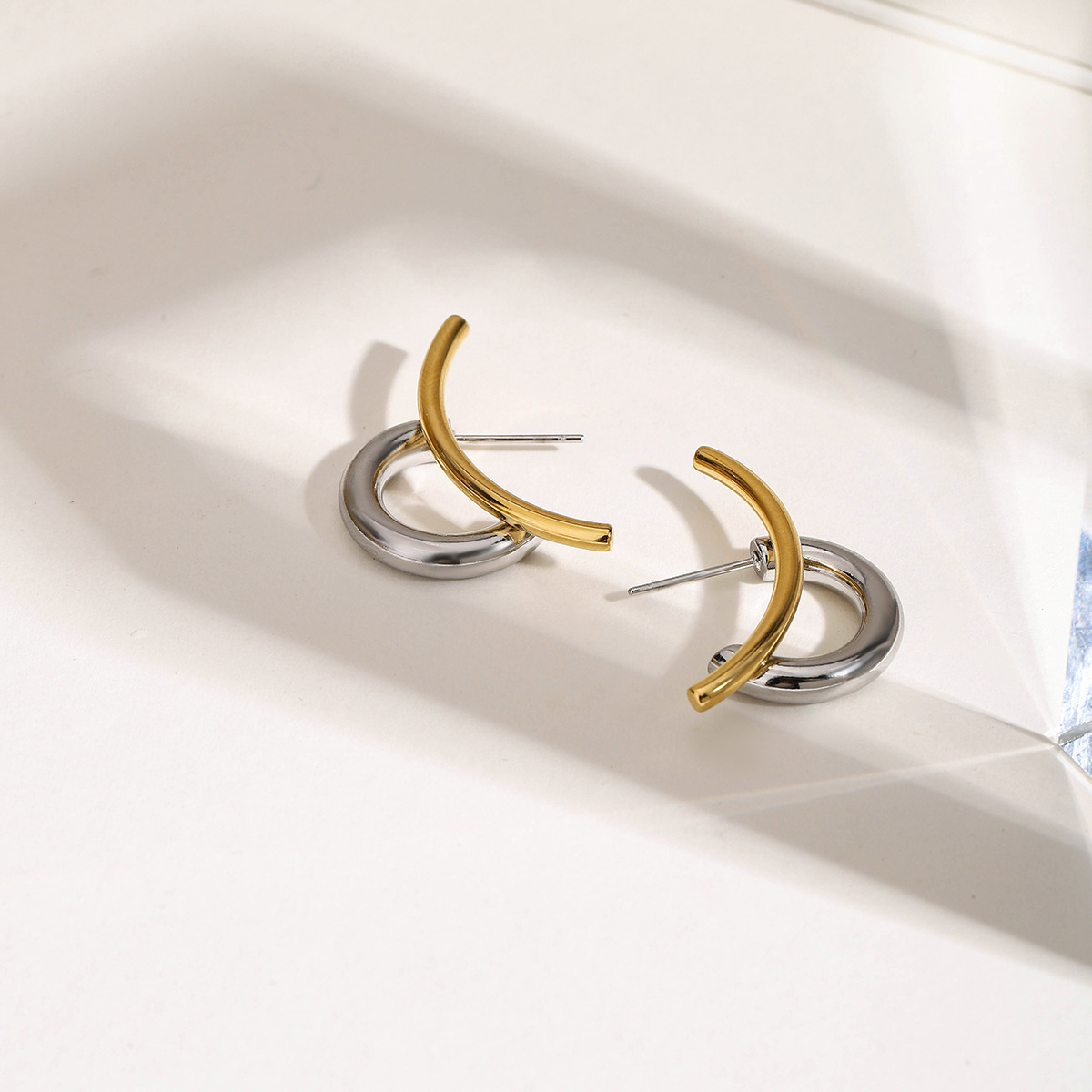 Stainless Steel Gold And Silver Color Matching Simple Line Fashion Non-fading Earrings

---

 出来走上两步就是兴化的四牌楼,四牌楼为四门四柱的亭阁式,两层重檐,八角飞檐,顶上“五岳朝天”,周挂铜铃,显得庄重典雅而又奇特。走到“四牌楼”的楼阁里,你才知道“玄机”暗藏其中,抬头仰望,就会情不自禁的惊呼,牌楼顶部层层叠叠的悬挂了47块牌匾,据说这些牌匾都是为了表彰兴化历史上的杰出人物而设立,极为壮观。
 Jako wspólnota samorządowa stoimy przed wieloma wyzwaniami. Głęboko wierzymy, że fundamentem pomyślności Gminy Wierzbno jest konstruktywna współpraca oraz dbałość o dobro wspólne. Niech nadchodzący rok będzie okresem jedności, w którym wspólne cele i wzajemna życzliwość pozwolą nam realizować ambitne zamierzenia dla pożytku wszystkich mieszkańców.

---

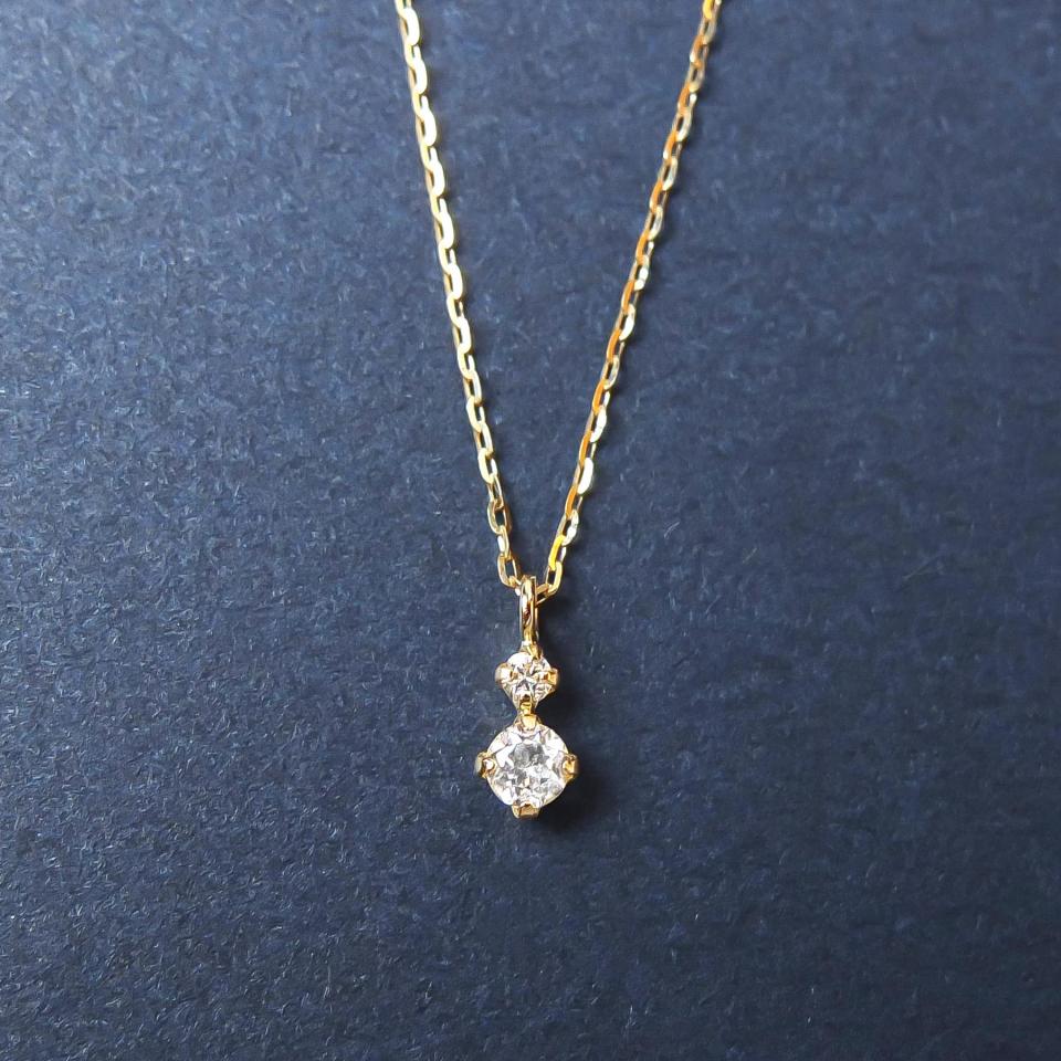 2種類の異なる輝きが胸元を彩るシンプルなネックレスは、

## EXERCISE:
Where the data above reaches the line holding "出来走上两步就是兴化的四牌楼", begin printing, and stop after the line holding "Jako wspólnota samorządowa". Each line must be reproduced exactly, with nothing else added.

## ANSWER TO THE EXERCISE:
 出来走上两步就是兴化的四牌楼,四牌楼为四门四柱的亭阁式,两层重檐,八角飞檐,顶上“五岳朝天”,周挂铜铃,显得庄重典雅而又奇特。走到“四牌楼”的楼阁里,你才知道“玄机”暗藏其中,抬头仰望,就会情不自禁的惊呼,牌楼顶部层层叠叠的悬挂了47块牌匾,据说这些牌匾都是为了表彰兴化历史上的杰出人物而设立,极为壮观。
 Jako wspólnota samorządowa stoimy przed wieloma wyzwaniami. Głęboko wierzymy, że fundamentem pomyślności Gminy Wierzbno jest konstruktywna współpraca oraz dbałość o dobro wspólne. Niech nadchodzący rok będzie okresem jedności, w którym wspólne cele i wzajemna życzliwość pozwolą nam realizować ambitne zamierzenia dla pożytku wszystkich mieszkańców.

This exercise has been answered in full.